# DIY 3D background from PVC sheet



## peskar (Dec 20, 2009)

Hi everybody.

Here is how to make a good looking 3D background from PVC sheet.

1. Take a PVC sheet 2.5 - 4 mm (of black, brown etc) color of the size bigger then back wall of your tank.
2. Put rocks on the floor and shape it to your tank back wall size.
3. Put a PVC sheet on top of the rocks.
4. Heat it with the heating fan but carefully to prevent bubbling. Help yourself with the
wooden stick or so to give it a nice shape.
5. Cool down and cut to required size.

A simple picture of the process:



Here is what you are likely to get at the end:

Any ideas?


----------



## Diana K (Dec 20, 2007)

I like that! 
What sort of source for sheet PVC? What is it used for? (Besides aquarium backgrounds)


----------



## TAB (Feb 7, 2009)

Most plastic supplyers have it( or can get it) personally I'd use a oven rather then a heat gun. It will give you a much more consistant temp, in the stock.


----------



## peskar (Dec 20, 2009)

TAB said:


> Most plastic supplyers have it( or can get it) personally I'd use a oven rather then a heat gun.

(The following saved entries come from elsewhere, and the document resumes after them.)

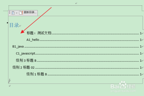 返回编纂区,可以看到选中级别(级别1)目次项文本“首行缩进”的缩进值已被点窜。
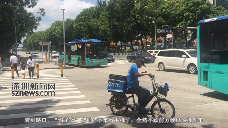 记者发现,外卖小哥们过马路时”驶上机动车道”、”闯红灯”、”逆行”、”停在马路中间打电话”、”看手机”的情况时有发生。
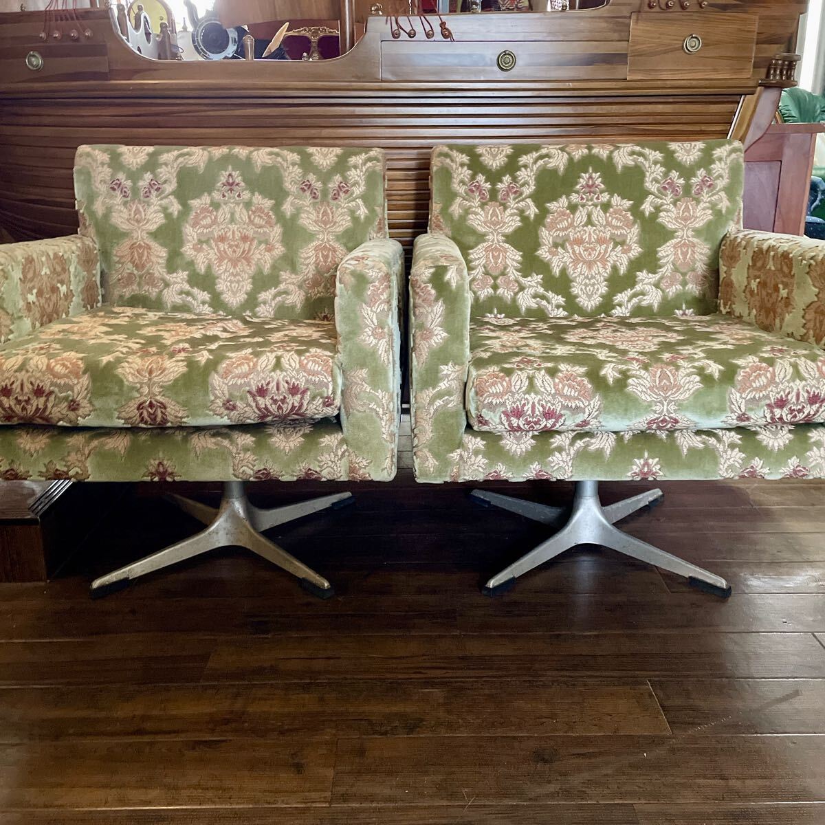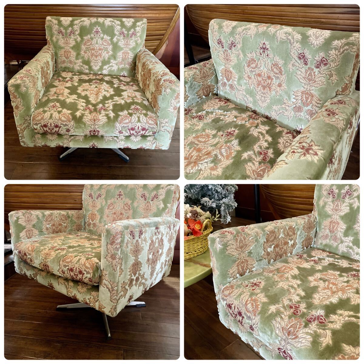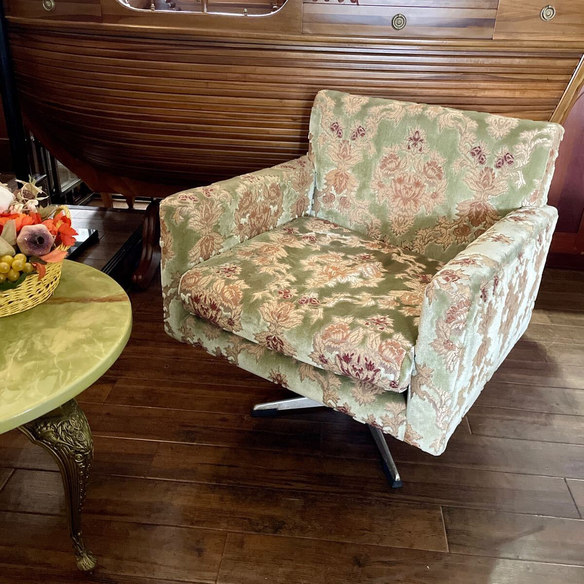 高級感のあるエレガントな生地にシンプルなスチール脚がとてもレトロ。ゆったりとした座り心地のチェアです。
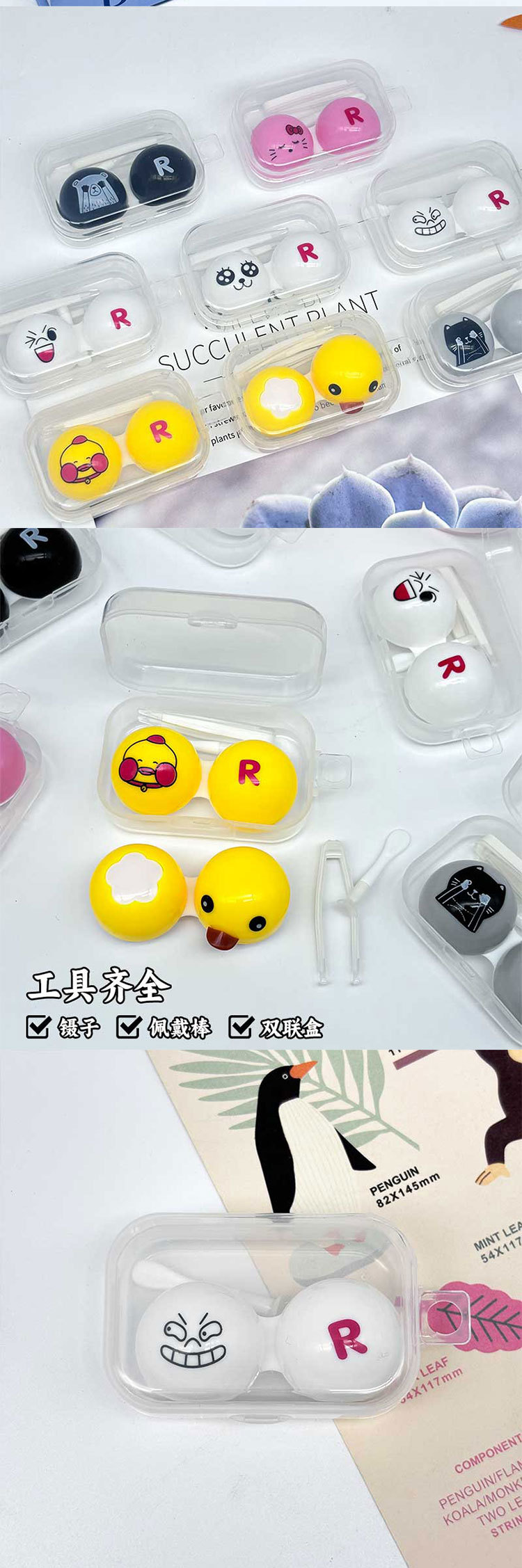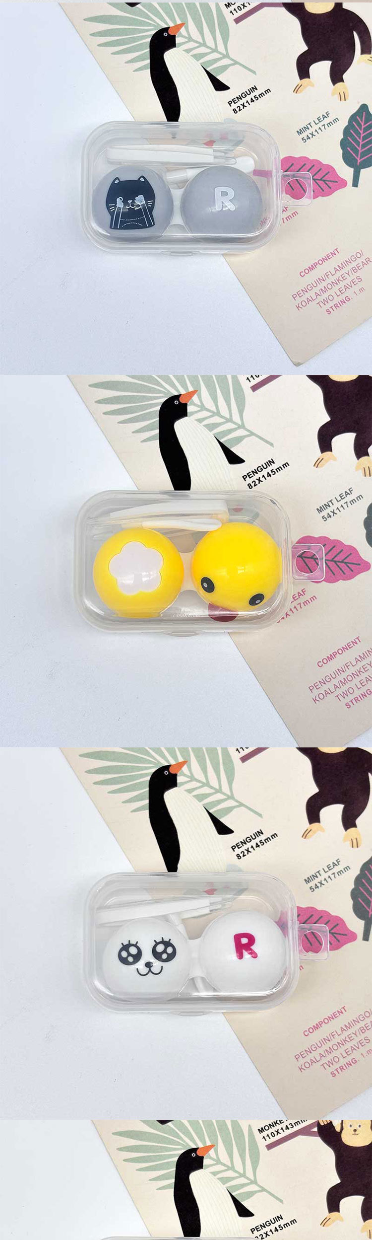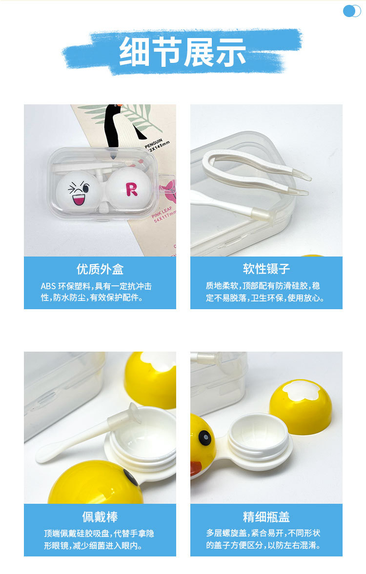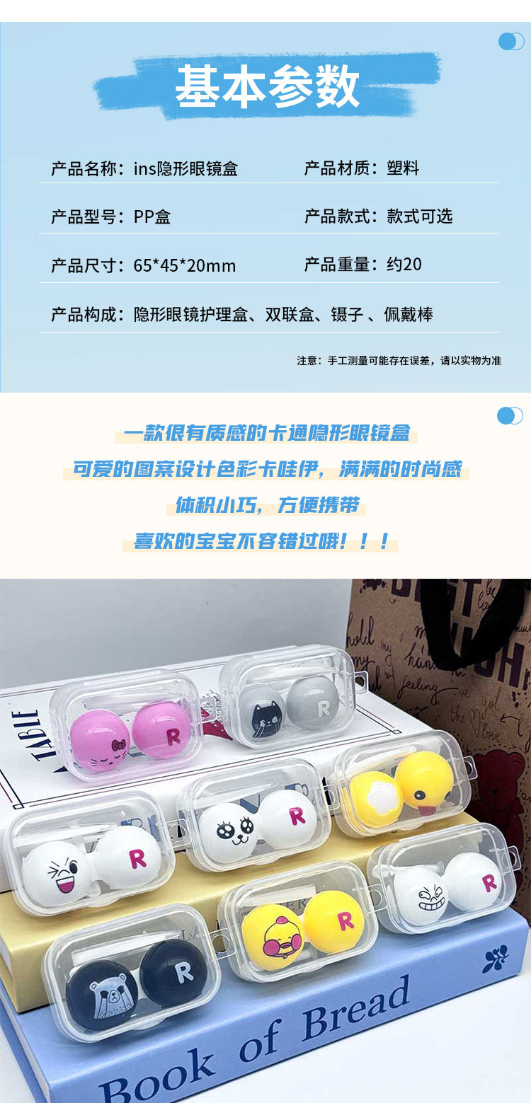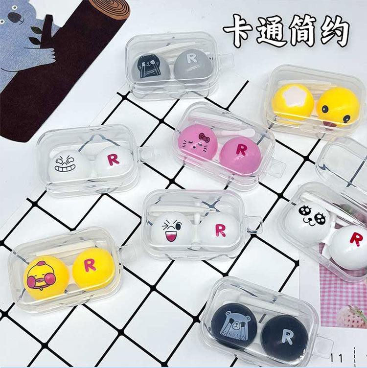 Коробочка для контактных линз с мультяшным рисунком, компактная и портативная, милая цветная двойная коробочка для хранения контактных линз, модный стиль.

It will give you a much more consistant temp, in the stock.


1. Absolutely right, you can buy it in the most of DIY stores in plastics dept.

2. With oven it makes sense from one side from another you will find it difficult to
give it a shape with your wooden stick because of necessity of taking it out from heated 
oven. Also sometimes its difficult to find appropriate size of the oven... Like my tank back wall 
is 150 cm x 50 cm. 
Again both methods are well working and I didn't have much difficulties using a heating fan, 
its simple like 2+2.

Also PVC is a great plastic in terms of minimal emission of chemicals in the aggressive water
environment in your tank, being practically a neutral material (like you pvc widows approved 
by ISO and CE...).


----------



## taoyeah (Aug 8, 2007)

but make sure you are in a open area with your mask on. do you have a tank picture wiht this background?


----------



## jerrybforl (Jul 22, 2008)

That is a friggin great idea! I did one the old fashioned way lol. Siliconed rocks in one by one. Looked great but was heavy.


----------